Councillor Ben Richards, Green Party opposition leader, lambasted the plans: “Labour’s budget raids pensioners’ pockets while potholes multiply and libraries close—it’s a false economy.” Council officers countered that no libraries will shutter outright, with digital access expansions mitigating impacts.
Adult social care, consuming 47% of the budget, escapes major cuts but sees workforce recruitment drives funded by the precept.
What Are Councillors Saying About the Decision?
Debate in the Civic Hall chamber was fiery, with cross-party divides evident. Labour’s Venables defended the package: “We’ve protected jobs and services as far as possible; alternatives mean bankruptcy like Birmingham’s fate last year.”
Conservative group leader Councillor Stewart Golton hit back, per Huddersfield Examiner stringer Mark Bright: “4.99% is the maximum—it’s lazy governance punishing hardworking families for national failures.” Greens and Lib Dems tabled amendments for lower rises funded by higher commercial rates, but these fell short of a majority.
Public consultation drew 1,200 responses, 68% opposing any rise, influencing minor tweaks like enhanced support for care leavers.

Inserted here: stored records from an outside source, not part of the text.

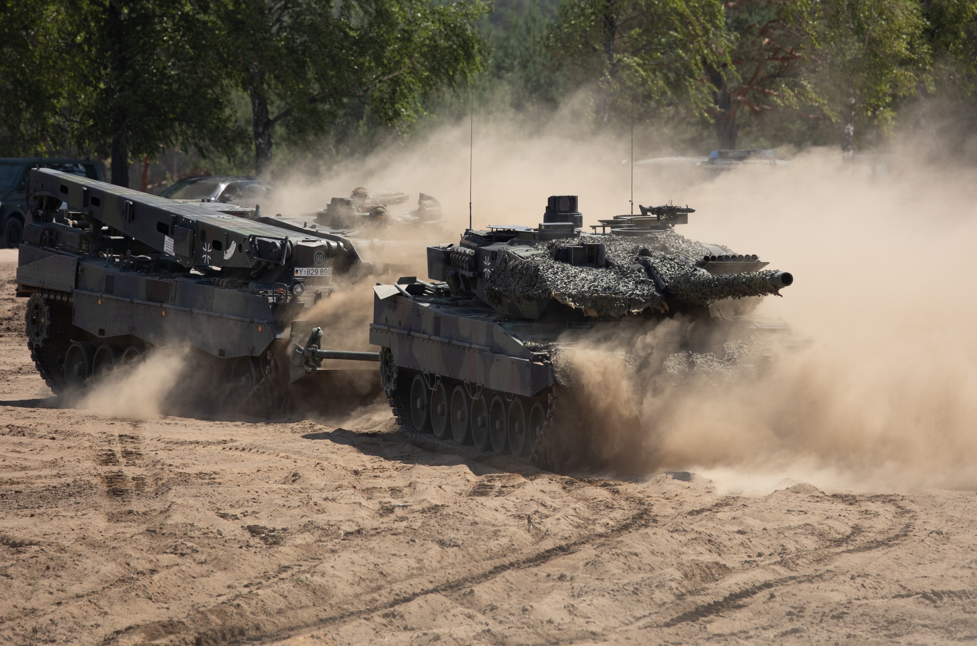 6月25日,在立陶宛帕布拉德舉行的北約演習Griffin Storm中的德國Leopard 2坦克。攝影師:安德烈·魯達科夫/彭博社“這將是一項相當大的努力,”皮斯托裏烏斯在與立陶宛同行阿爾維達斯·阿努紹斯卡斯一起向記者表示。“這就是為什麼我們同意逐步建立一個旅的原因。”
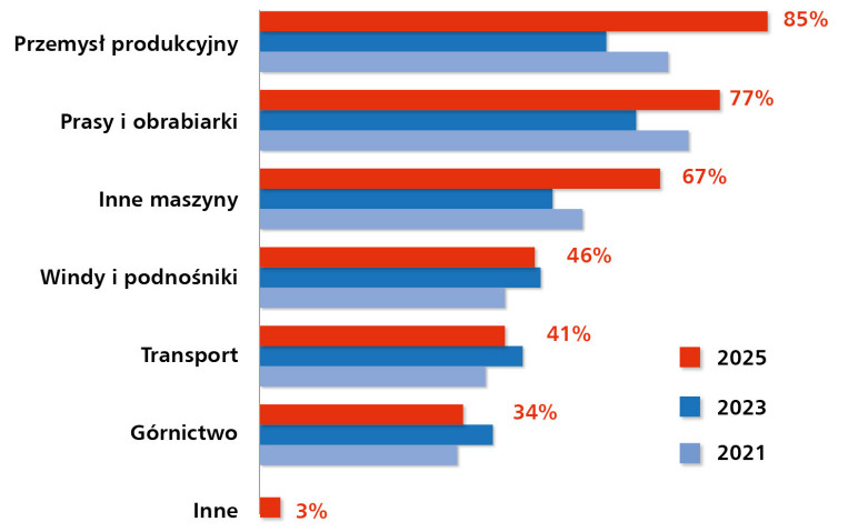 Wyniki badania ankietowego przeprowadzonego przez redakcję w marcu tego roku wśród polskich dostawców komponentów i usług związanych z bezpieczeństwem maszyn jasno pokazują, że świadomość techniczna w tym obszarze jest dziś wyższa niż kiedykolwiek wcześniej. Spośród wszystkich obszarów zastosowań systemów zabezpieczających, najwyższy odsetek wskazań (85%) dotyczy przemysłu produkcyjnego jako całości (rys. 3). To właśnie tam – w środowiskach charakteryzujących się dużym zagęszczeniem maszyn, wysoką wydajnością cyklów produkcyjnych i obecnością operatorów – ryzyko wystąpienia incydentów jest największe, a jednocześnie możliwość ich ograniczenia dzięki nowoczesnym środkom ochronnym – najpełniej wykorzystywana.
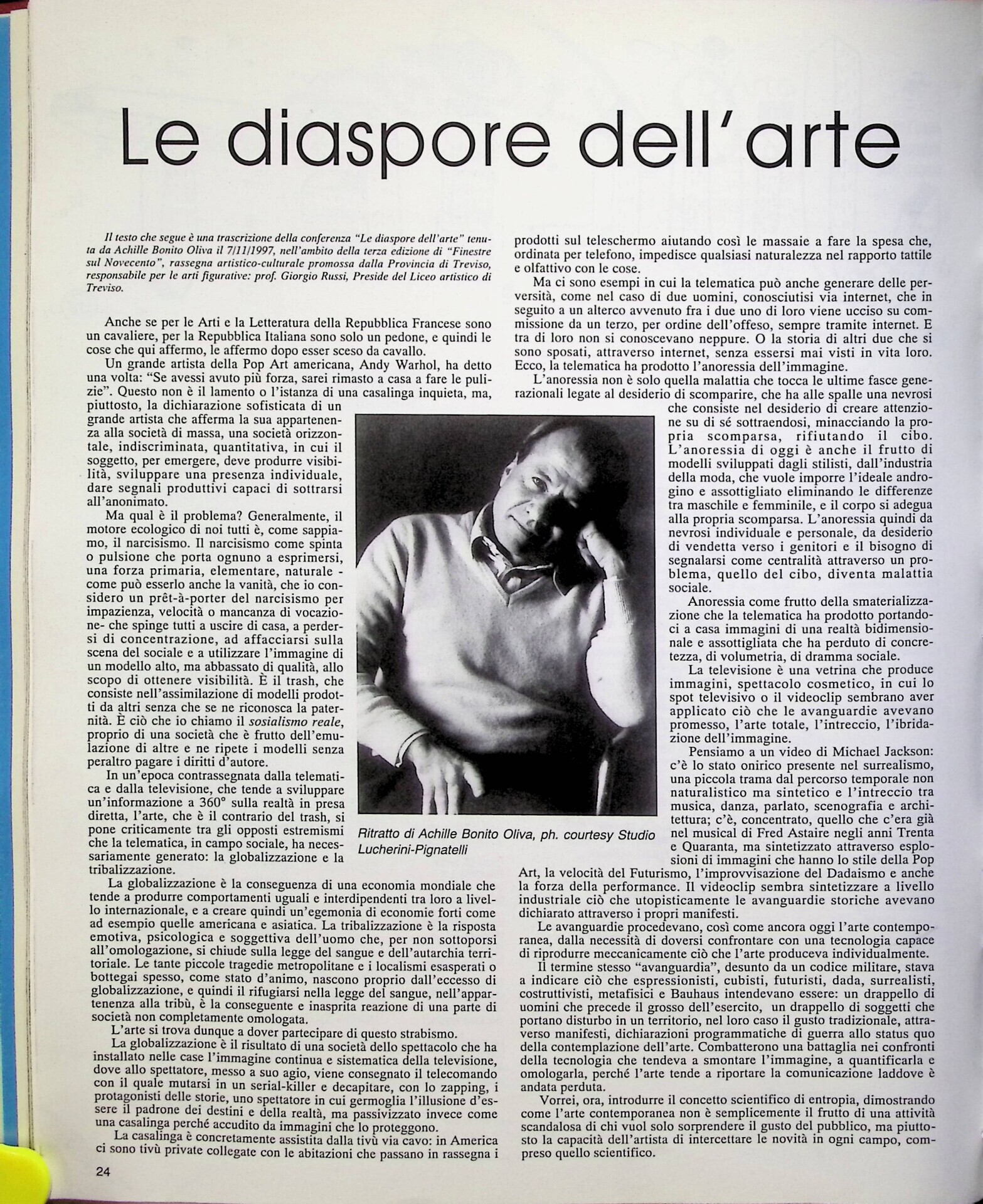 Achille Bonito Oliva, Le diaspore dell'arte, «Juliet», n. 88, giugno 1998, pp. 24-25

Why Is Government Funding a Key Factor?
Leeds receives £400 million annually from central grants, flat since 2019/20 despite 8% population growth. As noted by The Guardian‘s local government editor Louise Haigh (now a cabinet minister in reports), core funding per dwelling fell 27% in real terms over the decade to 2025.
Council finance chief Councillor Cath Round stated:
“Westminster’s £30 billion national insurance hike for employers leaves us with the bill via pay rises we can’t absorb.”
This echoes national pleas, with the Local Government Association warning of a £4 billion collective gap by 2027/28.
Leeds’ medium-term plan projects £100 million savings needed by 2029, potentially forcing a section 114 notice—illegal overspend declaration—if unaddressed.
How Does Leeds Compare Nationally?
Leeds’ 4.99% matches the upper limit, mirroring councils like Manchester (4.99%), Sheffield (4.99%), and Bradford (4.75%). Rural authorities like North Yorkshire opted for 4.99% too, per Local Government Chronicle data compiled by editor Sarah Ward.
Lower rises include York at 3.99%, but with heftier service trims. Institute for Fiscal Studies analyst Helen Miller observed:
“Most metro councils max out at 4.99%—it’s survival mode, not choice.”
Polling by YouGov for The Times shows 62% of northern voters view council tax hikes unfavourably amid 2026 cost pressures.
What Happens Next for Leeds Residents?
Bills dispatch in March, payable monthly or lump sum by 31 January 2027. Hardship funds total £5 million, with discretionary reductions for jobless or infirm.
As reported by Examiner Live‘s Karl Minns, a “tax freeze campaign” by residents’ groups plans civic protests. Council pledges quarterly budget updates via leeds.gov.uk.
Longer-term, devolution deals under President Trump’s UK trade push (post-2025 re-election) may funnel Levelling Up funds, but details remain vague.
Broader Impacts on Local Economy
The rise coincides with Leeds’ bid for City of Culture 2027 status, funded partly via precept-backed tourism levies. Retailers via Leeds BID voice concerns over disposable income squeezes.
Economist Dr. Paul Swaddle of Leeds Uni, quoted in Business Live Yorkshire: “Council tax hikes erode confidence; with unemployment at 5.2%, timing is poor.”
Yet, investments like £20 million in green skills training—tied to budget—aim to boost employability.